Young kids put a lot of strain in a relationship and you often stop doing couple stuff as you're in full parenting mode. It's worth trying to make the relationship work before you split. If you can't reignite the love then fair enough, but it's worth trying.

Do you spend time as a couple? Do fun things together? What attracted you to him? How long have you been feeling this way etc.

giantnannyknickers · 11/03/2019 02:22

@hadenoughnow I feel conflicted about this as I feel it's totally normal fall in and out of love with someone over the course of a life time. And from your post I don't really see what upside there would be in leaving? Will you be happier on your own? Could it all be a case of you need to focus on your self love first and then couples counselling and maybe that might fix things within the marriage? I'm not sure just throwing things out there.

I'm a single parent to 3 and it's bloody hard. I'm
Physically and mentally broken from it.

hadenoughnow · 11/03/2019 02:30

musti no, we don't anymore. Tbh, we never did before the kids, apart from going out for dinner, drinking and sex.

We have nothing in common. I like the outdoors, exercise, reading. He likes tv, playing games on his phone.

He asks me If I want to watch a movie with him, and I say no, because he wants to watch something that doesn't interest me at all. I ask him if he'd like to go for walk with me and the kids and the dogs and be says no because he doesn't like walking!

OP posts:
hadenoughnow · 11/03/2019 02:33

giantnannyknickers
Exactly! What is the point in leaving? That's what I keep telling myself. I'd just be upsetting 4 amazing kids, just for a minor improvement for me.

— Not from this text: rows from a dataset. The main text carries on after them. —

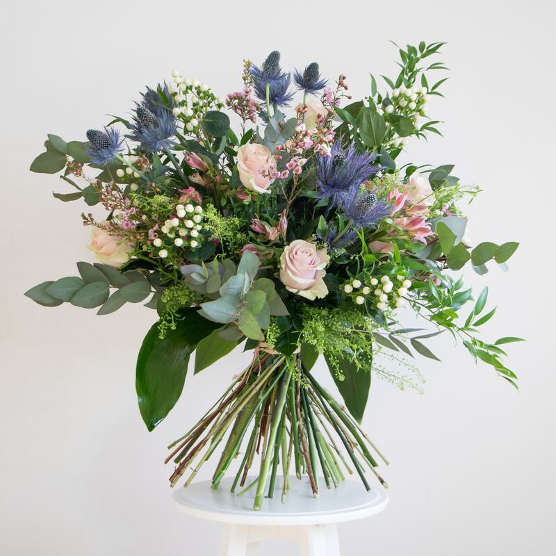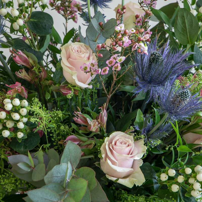 An absolutely stunning loose European style bouquet. This favourite with our customers in now available on our webshop for delivery. Filled with roses, eryngium, wax flower, hypericum, ruscus, eucalyptus and alstroemeria this long lasting large bouquet is a perfect bouquet to send to your loved ones or to display in your home.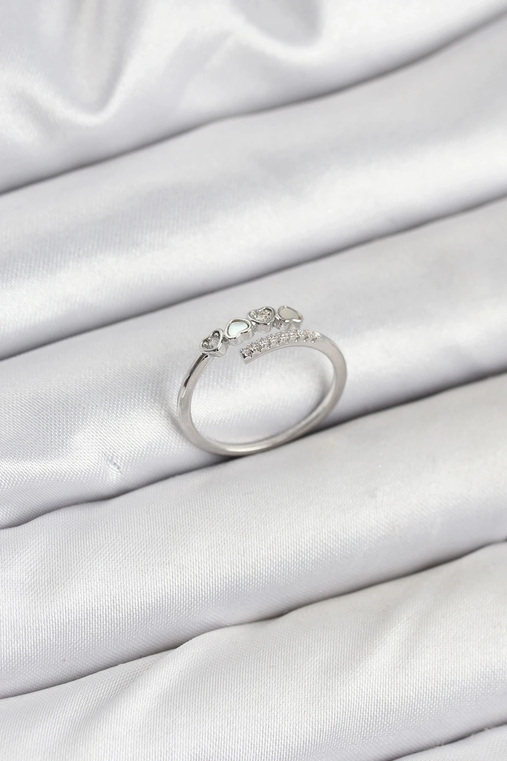 Pirinç Gümüş Renk Kalpli Detaylı Zirkon Taşlı Kadın Yüzük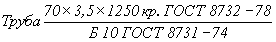 Труба с наружным диаметром 70 мм, толщиной стенки 3,5 мм, длиной, кратной 1250 мм, обычной точности изготовления, из стали марки 10, изготовляется по группе Б ГОСТ 8731: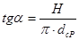 Н = (0,4…1,0), DB =0,077…0,22м, приймаємо Н=0,085м. Ub =153*0,085=13м/с Кут підйому гвинтової лінії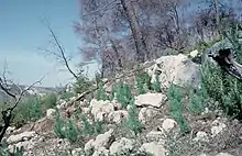 - la restauration de milieux ou de fonctions écosystémiques : par exemple, restauration en forêt méditerranéenne d'une zone forestière mixte, c'est-à-dire composée d'un mélange feuillus-résineux, la diversité des espèces rendant en effet la forêt plus résiliente[18] aux incendies, attaques de rongeurs, augmentations de températures…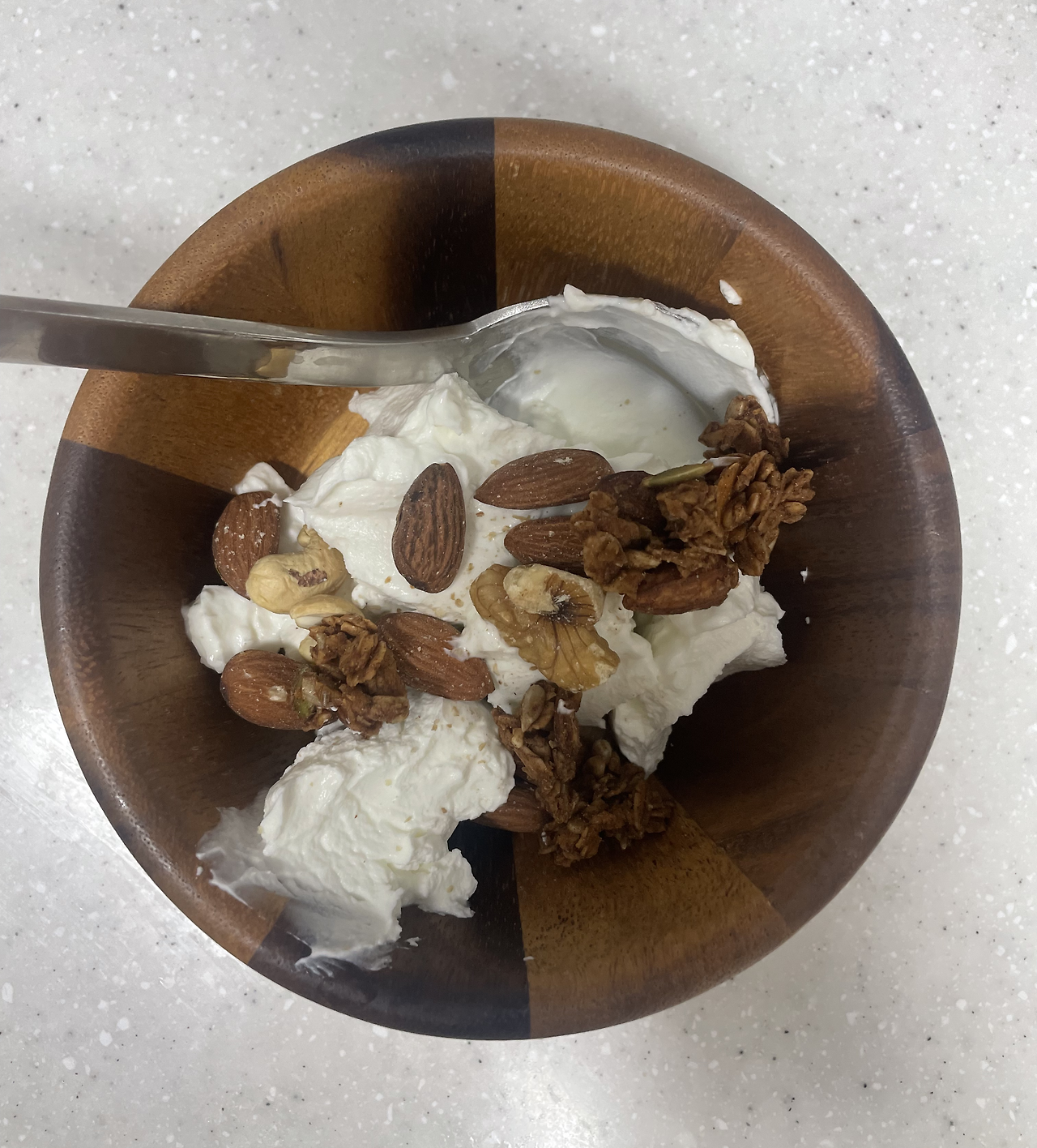 1. 아침 7시 50분: 그릭요거트 100g+ 견과류+그래놀라, 정말이지 그래놀라를 먹고 싶었다. 참지 못하고 그래놀라 4 덩어리(애플시나몬)를 넣었다. 견과류가 어제보다 적게 들어갔으니 퉁친 거라고 자기 합리화를 하며…ㅎ

SP to 3 must be incredibly hard, bet you're doing an amazing job though FlowersFlowers

OP posts:
Justagirlwholovesaboy · 11/03/2019 02:37

Maybe it would be better for you both for you to leave, I doubt he’s feeling good or receiving much from this relationship by the sounds of it. So yes find the courage to leave and maybe you both have a chance of happiness

Butteredghost · 11/03/2019 04:04

I'm on the fence here OP. I definitely believe you only have one life, you make it as good as possible which includes leaving unhappy relationships. You can be happy single. Break ups are a part of life and your kids will understand that even if they are initially shocked.

On the other hand though, I agree with pp that it's not realistic or imo possible to be "in love" with someone over a lifetime. I think the best you can hope for is a reasonable level of friendship and respect, are a good team domestically and have a nice family life together.

I wonder if a solution for you would actually be to focus less on the relationship. Mulling over it constantly and always thinking "hmm we don't go out to dinner any more" (who does?) can't be helping. What about trying to spice up your own life through new hobbies, going out, activities with dc. I know when I'm unhappy generally DH can seem like the problem for his quietness/boringness. When I'm happy and busy it's lovely to come home to a calm, kind man.